[lbo-talk] T. L. Friedman explains 'Globalization 3.0'

Carl Remick carlremick at hotmail.com
Wed Apr 6 07:42:31 PDT 2005


The regrettably irrepressible Thomas L. Friedman is back with another heaping serving of world explication -- _The World Is Flat: A Brief History of the Twenty-First Century_ -- examining all the "releases" of globalization that have been experienced in the last 500 years. TLF's first lie is his title, since the book runs 488 pages, making it no "brief" history at all -- especially for a writer as punishing to read as TLF.

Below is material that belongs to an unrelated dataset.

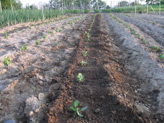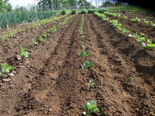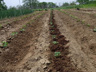 キャベツ活き付きました、定植成功です。黒く見えるのは牛糞

Fortunately the Washington Post managed to secure a book reviewer, Warren Bass, who does not find perusing TLF as painful as getting dragged across broken glass; in fact, he speaks of TLF's "eloquent columns." Yet even Bass is flummoxed by TLF's relentless fantasy-based view of the world. Review at <http://www.washingtonpost.com/wp-dyn/articles/A17314-2005Mar31.html>

One of the more interesting references in this piece is to a new, cutesy conceit of TLF called the "Dell Theory of Conflict Prevention," i.e.: "No two countries that are both part of a major global supply chain, like Dell's, will ever fight a war against each other as long as they are both part of the same global supply chain." TLF's earlier version of this idiocy (which Bass does not identify) was called the "Golden Arches Theory of Conflict Prevention" in Friedman's 1999 _The Lexus and the Olive Tree_. The Golden Arches Theory noted that "no two countries that both had McDonald's had fought a war against each other since each got its McDonald's." This theory was invalidated in a major way when NATO waged war on Serbia.

TLF, of course, never learns. Neither does anyone who reads his books.